3)For every gallon of tap water you use, your utility company has to extract it, clean it, pump it to your house, pump it back out, reclean it, and eventually discharge it.
- supplying a Northern Californian with potable tap water and then treating that water after it spirals down the drain requires about 0.4 kilowatt-hours of electricity per day.
CONCESSION: Thanks to the
hydrologic cycle, we drink and bathe in the same H
2O that rained on the dinosaurs. And, theoretically, at least, the Earth has more than enough for all of us: According to Brian Richter, co-director of the Nature Conservancy's Global Freshwater Program, human activities—agriculture, manufacturing, bathing, drinking, and so on—consume only about 10 percent of the planet's available freshwater supply.

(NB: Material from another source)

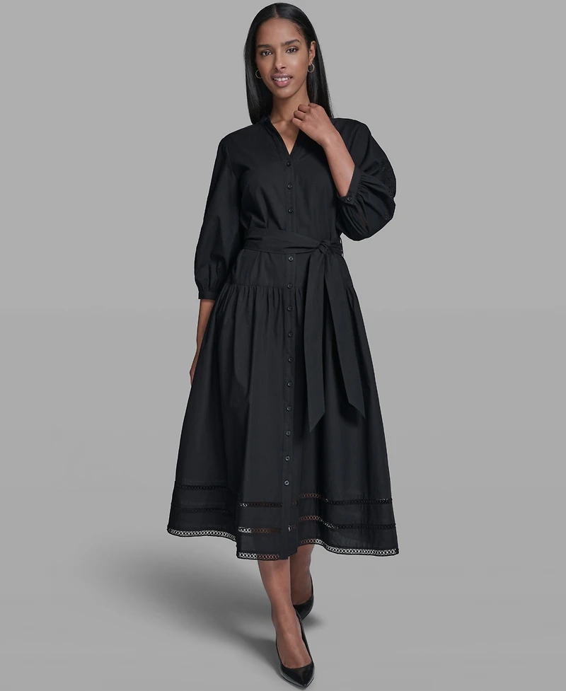 Karl Lagerfeld Paris Women's Poplin Eyelet Button Front Midi Dress

I fully agree with Ms. Nina Shen Rastogi; I believe water should be conserved because it is connected with other energy consumption. I checked Indianapolis Water to see where my water is comming from. Indianapolis uses a combination of water from rivers, creeks, streams, and reseviors along with wells and groundwater. This made me wonder whether there was a way to aid our local water treatment plants in being aware of what we are adding to our water supply. Chemicals in cleaners and other things that go down our drains may be introduced to our local rivers and streams.